Celebrate 150 years of Alice's Adventures in Wonderland with a pocket-sized piece of history!

Of course, Alice in Wonderland has inspired all kinds of other books and creative works, from Damon Albarn's wonder.land musical to The Matrix.

Some of the themes familiar from ‘Alice in Wonderland’ take on a nightmarish tone in Cathy Cassidy’s ‘The Looking-Glass Girl,’ written in celebration of 150 years of Lewis Carroll’s timeless book and brings many of the themes to a modern audience.

Cathy Cassidy is one of our best-loved authors, cherished for her family stories of friendship and early teen romantic fiction (and we were very pleased to be involved with her at a recent event at Didcot Girls School). So it’s a departure and a move into new territory that ‘The Looking-Glass Girl’ takes on a thriller tone right from the start.

Alice has been increasingly isolated since her best-friends from primary have moved into a much ‘cooler’ set at secondary school. So when she gets invited to a sleepover with them she is not sure whether to be pleased or concerned – a feeling many girls of this age will easily relate to. 
What does the night have in store? Is there some other motivation for inviting her along? What will they being doing and will she be ‘cool’ and grown-up enough?

From when she arrives at the Wonderland-themed party, everything from costumes and the painted faces of the other guests is unsettling.
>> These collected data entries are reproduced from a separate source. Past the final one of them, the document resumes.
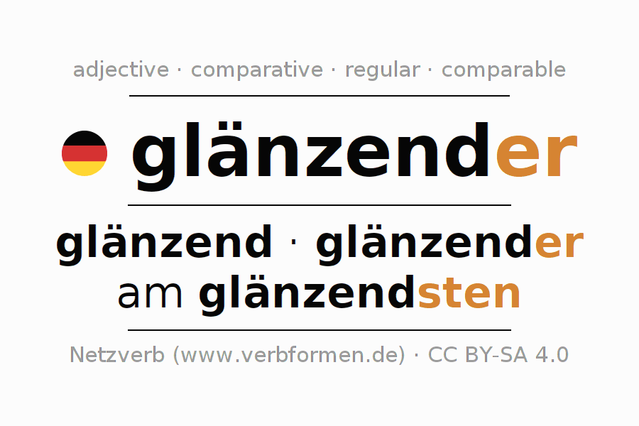 The declension of the adjective glänzender (brilliant, glossy) uses these forms of the comparison glänzend,glänzender,am glänzendsten. The endings for the comparison in the comparative and superlative are er/sten. The adjective glänzender can be used both attributively in front of a noun as well as predicative in conjunction with a verb.One can not only inflect and compare glänzender, but all German adjectives. Comments ☆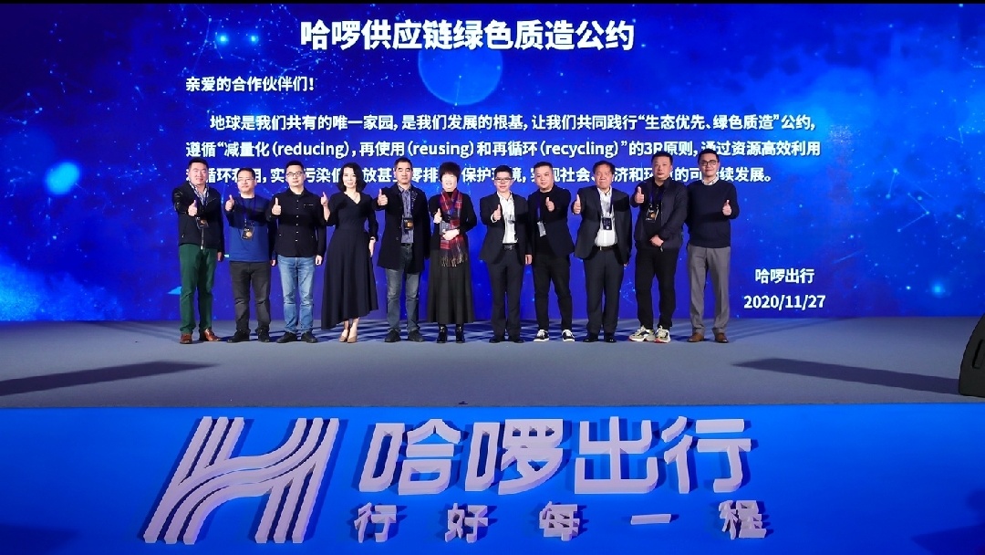 车辆的生产制造环节还有很大的减排空间,因而在减碳事业上必须与产业生态伙伴们携手同行。2020年11月,哈啰面向近400家合作企业发起了“绿色质造公约”,之后又于2021年3月在共享出行行业内发布首份碳中和倡议书,呼吁全行业推动绿色发展、促进资源节约与高效利用。
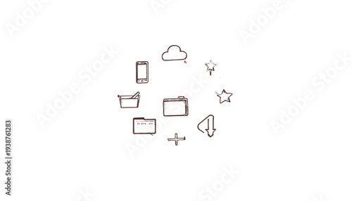 Eight minimal doodle icons for digital productivity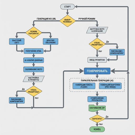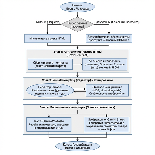 Ранее я рассказывал, как реализовал автоматический парсинг контента и генерацию карточек с помощью nano banana pro (ниже почему именно об этих инструментах я упомянул). Сейчас я хочу погрузиться в тему генерации контента, а конкретно карточек для маркетплейсов, более подробно. Я захотел переработать свой инструмент, превратив его из набора функций в более удобный инструмент. Мне нужно было получить более автоматизированный инструмент и как раз для этого мне пригодился опыт разработки предыдущих механизмов: автоматический парсинг и генерация карточек. Напомню кратко об этих инструментах, чтобы продолжить в их контексте повествование.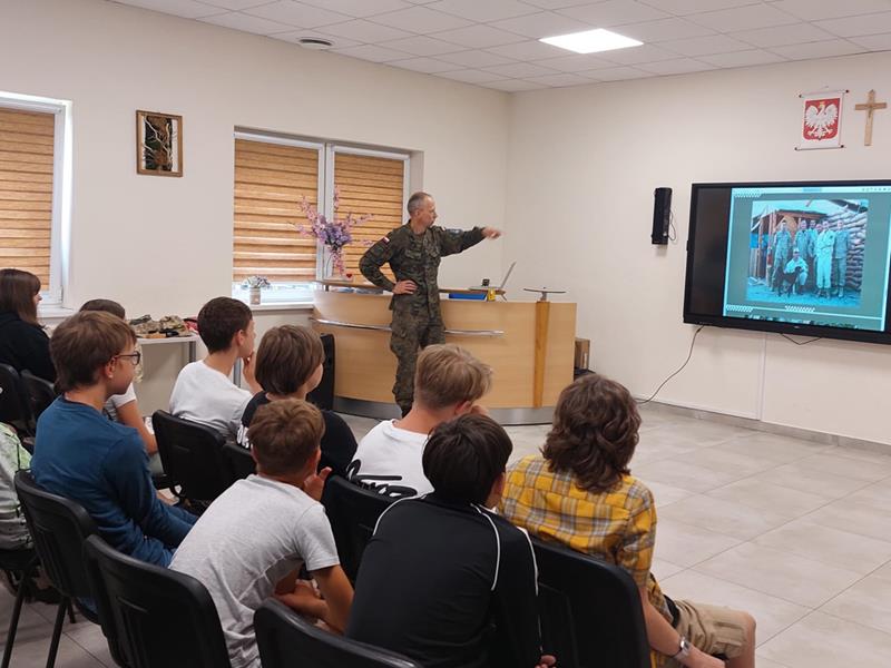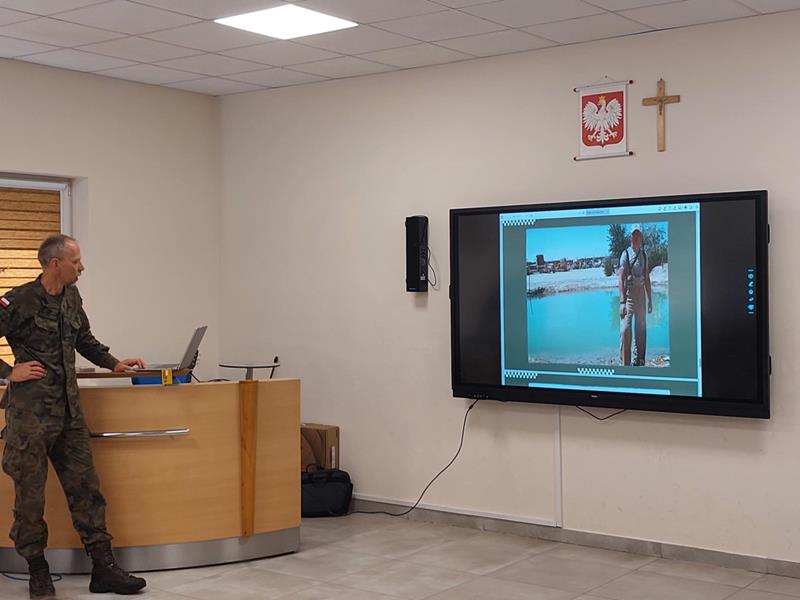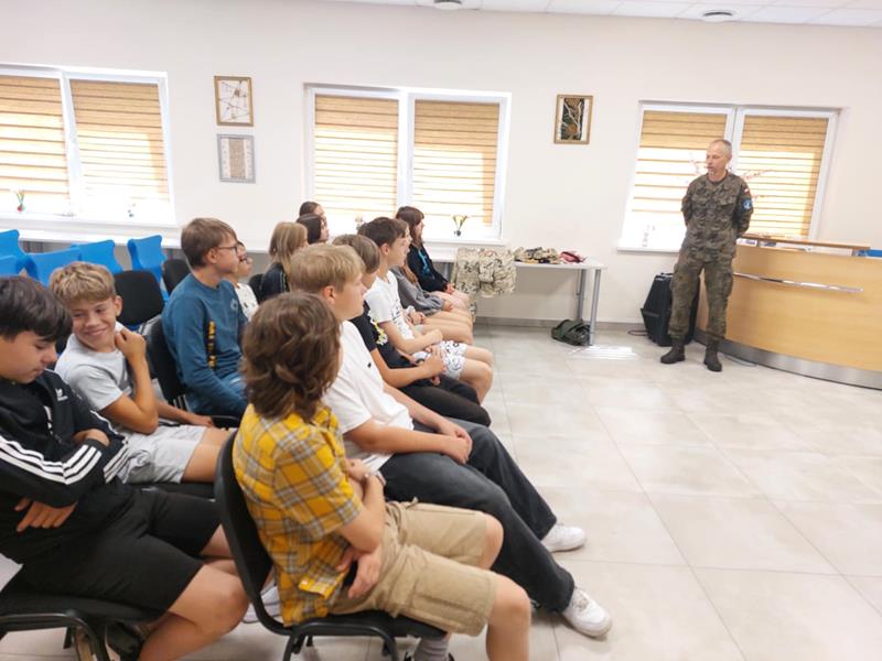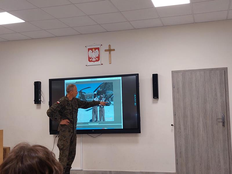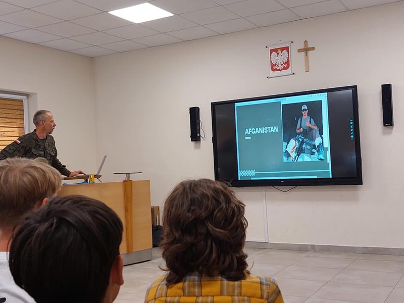Zajęcia w naszej szkole przeprowadził młodszy chorąży Krzysztof Pelec z Jednostki Wojskowej w Powidzu — doświadczony żołnierz, uczestnik misji w Afganistanie i Iraku.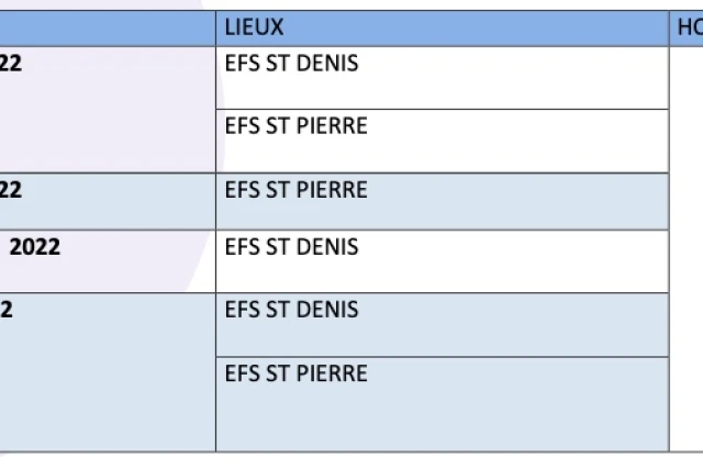 EFS Saint-Denis (CHU F.GUYON Bellepierre) Important : Accessibilité du Parking CHU F. GUYON. L'EFS prend en charge les frais de parking des personnes qui se présenteront pour faire un don. EFS St Pierre (58 rue Suffren) Un parking est à disposition des donneurs. Pour savoir où donner et obtenir des informations sur les conditions, contre - indications, rendez-vous sur dondesang.efs.sante.fr ou sur l’appli Don de sang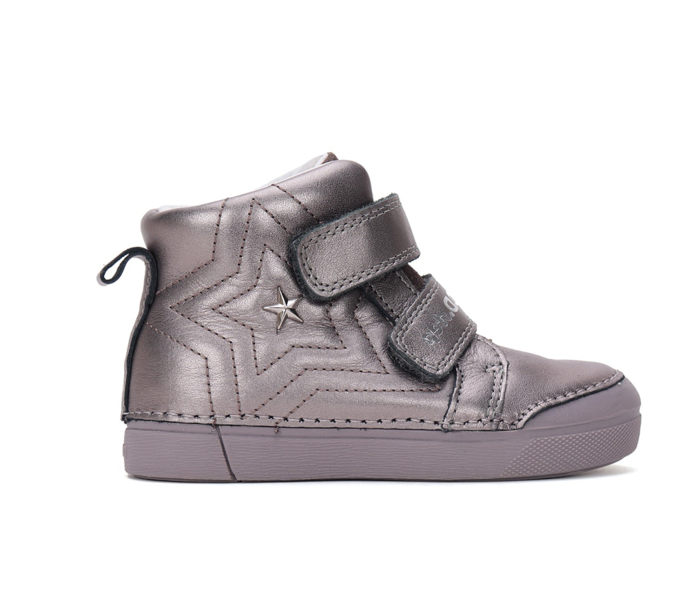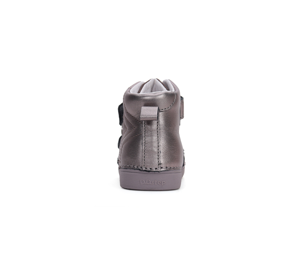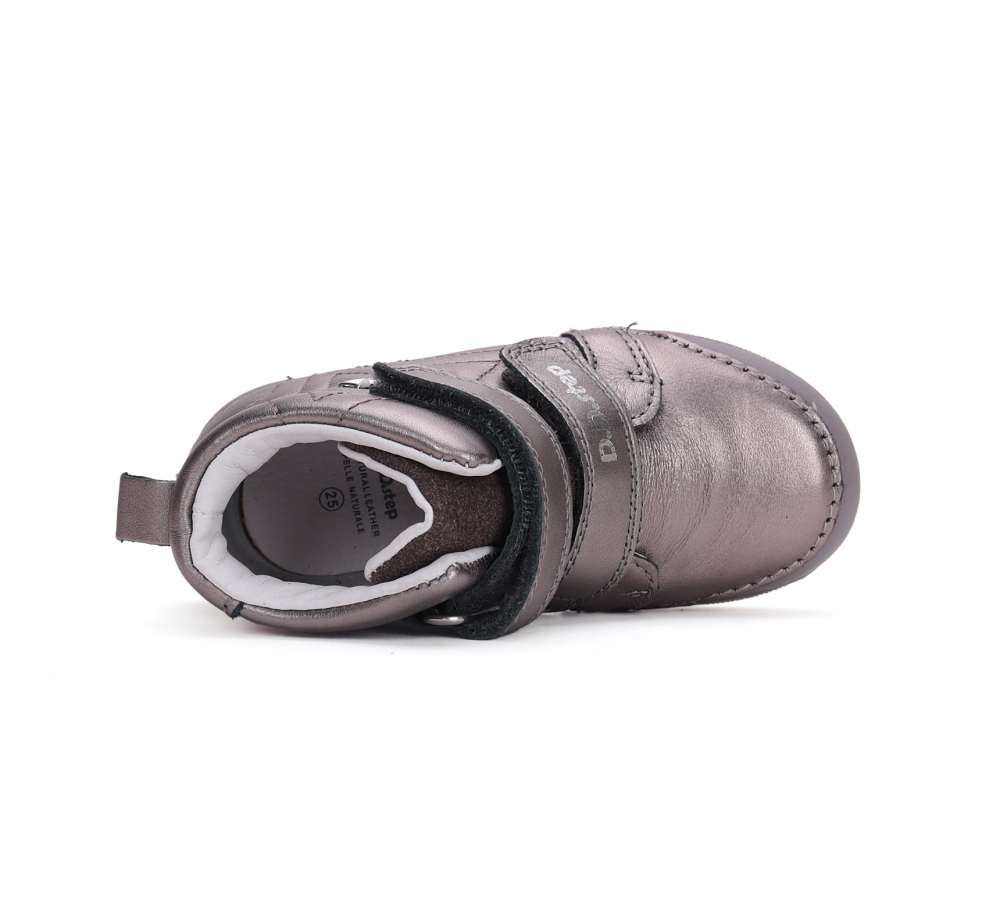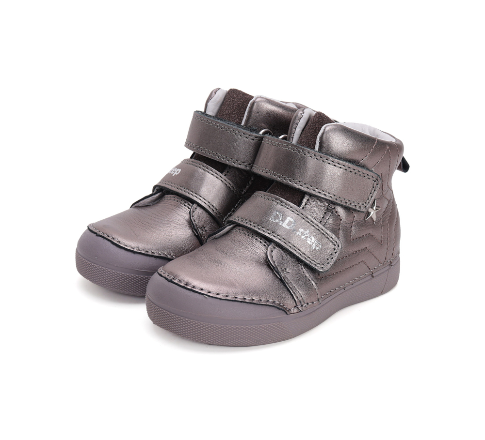 Vyššie celokožené tenisky od značky D.D.Step. Sedia na normálne široké aj širšie nôžky. Majú kožou potiahnutú, vyberateľnú stielku, ktorá je ortopedicky tvarovaná. Topánočky sa dajú pekne utiahnuť a prispôsobiť tak nôžkam, vďaka dvom suchým zipsom, čo je výhodou aj pre detičky s užšími členkami. Päta je spevnená, chráni nôžku pred nárazmi a poskytuje oporu. Topánočky majú veľmi praktickú pogumovanú špicu, ktorá slúži ako ochrana pred okopaním, vďaka čomu sa maximalizuje ich životnosť. Topánočky sú členkové, ideálne aj na sychravé jarné či jesenné počasie. Údržba a starostlivosť o topánky je jednoduchá, pri sychravom počasí ich stačí impregnovať a po ušpinení šetrne čistiť.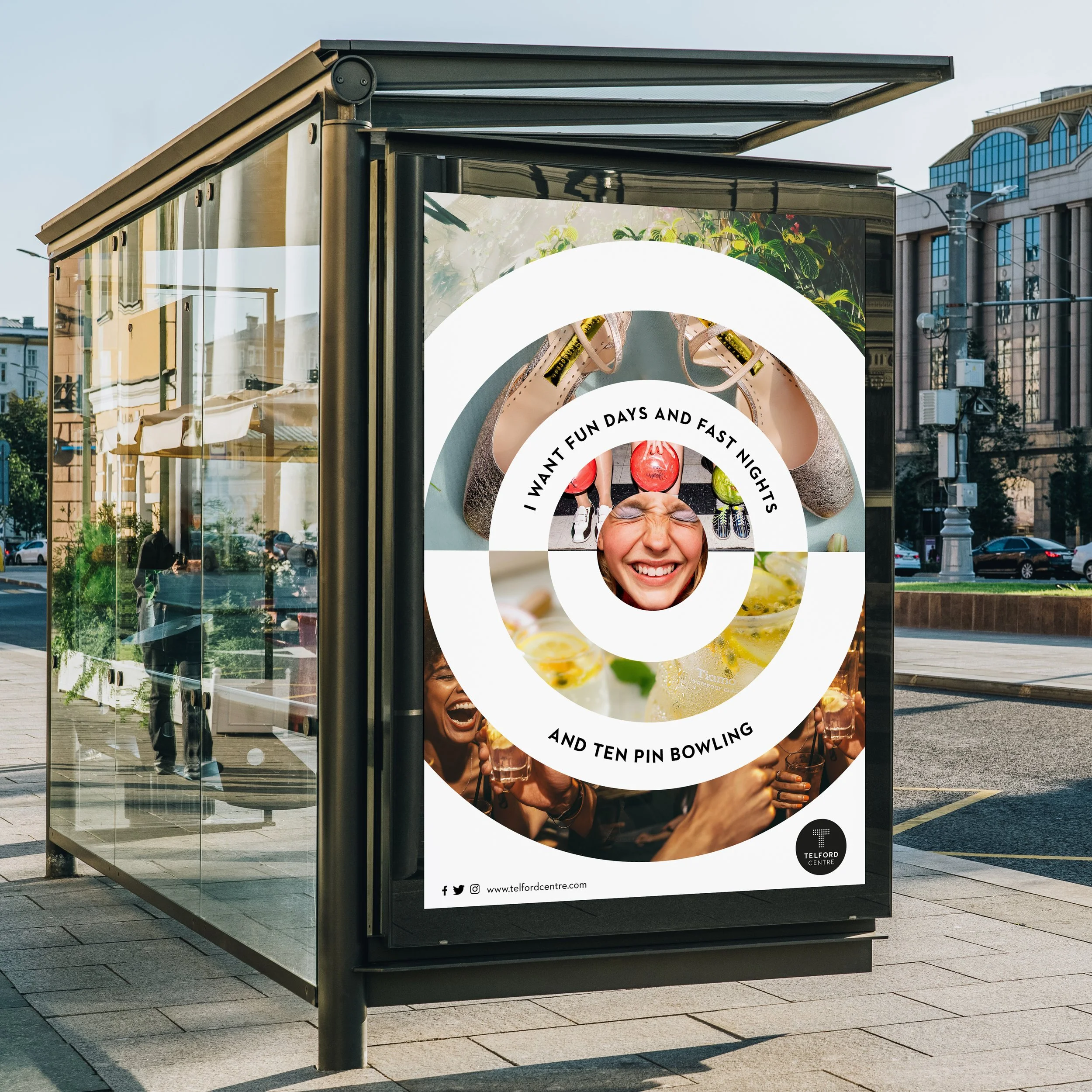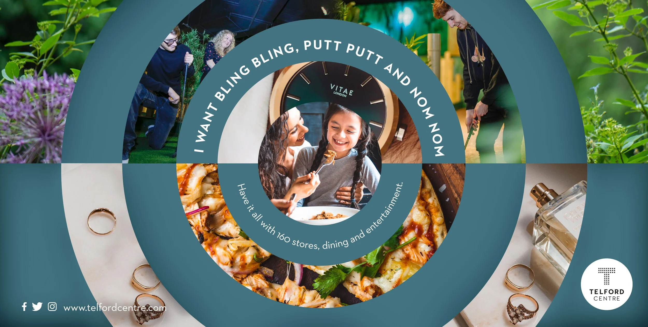 Telford Shopping Centre wanted to rebrand around its new restaurants and entertainment, encouraging customers to “Live in the Moment.”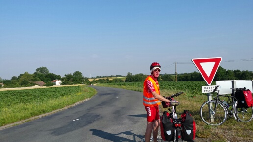 12.45: Gut 50km geschafft. Pause in St. Remy, einem kleinen Nest westlich von Niort.

The drink is served in a teapot that Alice suspects is spiked with alcohol, Alice knows she is out of her depth, but desperate to be included.

She has to tread as carefully as her namesake to work out friend from foe, but it all goes horribly wrong.

We know from the opening of the story Alice will end up in a coma, with everyone lying and covering up exactly what went on.

The tension is cranked up from unexpected arrivals at the party and a few games where Alice feels she is less of a guest, more of bait. 

The arrival of a boy Alice likes ratchets up the tension as she can see clearly that one of the other girls likes him too . . .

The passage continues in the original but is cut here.